One last thing I've learned is that focus is important. Yes, that's something I should have known already, but I learn it anew all the time. It's easy to get distracted by shiny things and go off on tangents. I even allow for that inevitability in the tag line of this blog. Every time I go off exploring some new thing, I find it difficult to keep making progress on the other things I want to get done.
I do think there's value in exploring and learning about stuff that's tangential to my main interests, but I need to temper those excursions so they don't take over all of my free time. Keep your eye on the prize, so to speak. That's why I find it funny looking back at my list of things I want to master in my lifetime. Eleven things is too much, and with hindsight I can easily eliminate four of them as simply being hobbies or things I won't really pursue in the future. That leaves seven things I want to master in my lifetime (to my personal definition of mastery), two of which I already feel that I've accomplished. That's much more manageable and might even leave room for new future interests.
It's useful to have exploratory periods where you're expanding your horizons to see what's out there, and then have consolidation periods where you concentrate on one thing for a while. It's a natural ebb and flow of learning that allows you to be aware of more subjects outside of what you normally do while still learning something deeply.
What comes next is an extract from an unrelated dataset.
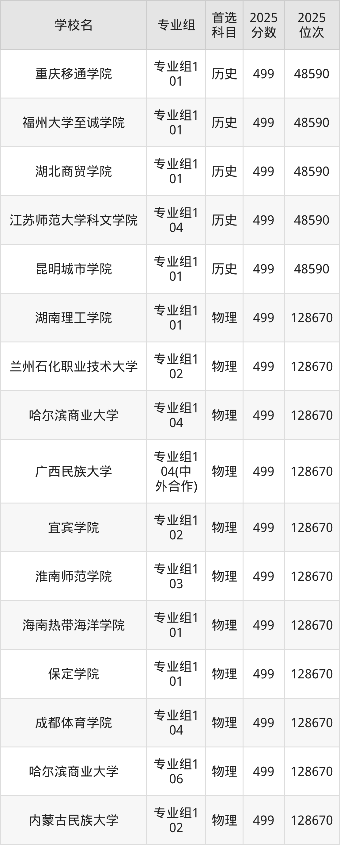 物理类497分可以冲的大学:湖南理工学院499分、兰州石化职业技术大学499分、哈尔滨商业大学499分、广西民族大学499分等;较稳妥的大学:兰州资源环境职业技术大学496分、西昌学院496分、岭南师范学院496分、鲁东大学496分等。

Next year I'm due for a consolidation period, so I want to narrow the topics I write about as well as the topics I learn about. This past year I let my writing topics go far and wide. Next year, I'm aiming to focus on software development, at least for the first part of the year. Partly, this refocusing is because writing and learning are so intertwined. I write about what I'm learning about because it's easier to pick topics that are interesting and fresh to me, and vice versa, I need to learn about what I'm writing about for obvious reasons. Learning and writing kind of drive each other. If I add focus to that combination, I can make better progress on the things I care about.
I've found that I enjoy putting things I'm learning into my own words in an attempt to explain them. I find great value in sharing knowledge, and I hope that some of the things I've written have sparked ideas in others. I could try writing more about stuff that would appeal to a wider audience, but that doesn't seem genuine to me and would probably show. I could write about stuff that I've known about for a long time, but I wouldn't be as interested in writing about stuff that's no longer challenging to me and that would show as well. I find that the best topics to write about are those that I'm dealing with and learning and doing right now. I sincerely thank you, my readers for taking the time to look at my articles and share your thoughts here and there. I can't wait to see what another year of blogging holds. Happy New Year!